Can Lawrence find a way to cure himself of the deadly curse, one whose origins will shock him to his very core?

Leads Del Toro and Hopkins are both Oscar winners but neither gives a remarkable performance.

Del Toro broods constantly and his monotone voice is perhaps a necessity to avoid revealing his Spanish accent, blowing the notion he is an English aristocrat.

Only Emily Blunt as his brother's fiancee Gwen displays any real feeling, portraying heartbreak, love as she falls for Lawrence and incomprehensible fear as she discovers he is a monster.

The special effects alone make this update step out of the shadow of the superior original and Del Toro's transformation into the wolf is mesmerizingly horrific and chilling as flesh bends out of shape, fangs sprout and our protagonist screams in agony.

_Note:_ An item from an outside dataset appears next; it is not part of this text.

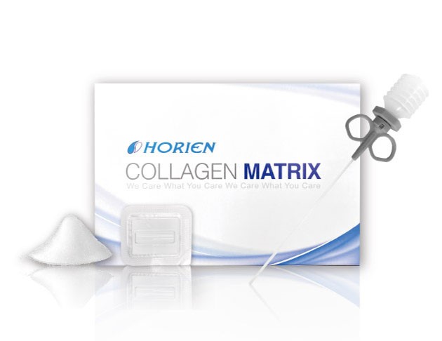 膠原蛋白基質粉(Collagen Matrix)為萃取自豬腳筋純化的I型天然膠原蛋白纖維,屬於白色,多孔狀的傷口敷料,處理過程經過r輻射滅菌,具有良好的生物相容性。本敷料產品主要應用在局部性淺層傷口護理, 適用於傷口照護, 並具有高孔隙度, 可吸附滲出液, 維持傷口的濕潤及覆蓋, 且不沾黏傷口。天然之膠原蛋白特性會促進血小板凝聚與活化, 可吸收滲出之血/體液,提供立體結構空間促進血塊凝集並加強其凝集強度。

The wolf's bloody killing sprees are savage and stomach churning, with severed heads and limbs everywhere.

The cinematography is suitably gothic and foreboding, with dark, cobweb-covered interiors, shadows, dim lighting and countless moon shots.

Director Joe Johnston - Jumanji/October Sky - builds suspense nicely through quick editing and a thumping soundtrack but he needed to inject a few more plot twists to give his revamp some real bite.

Watch if you liked: Wolf, An American Werewolf In London.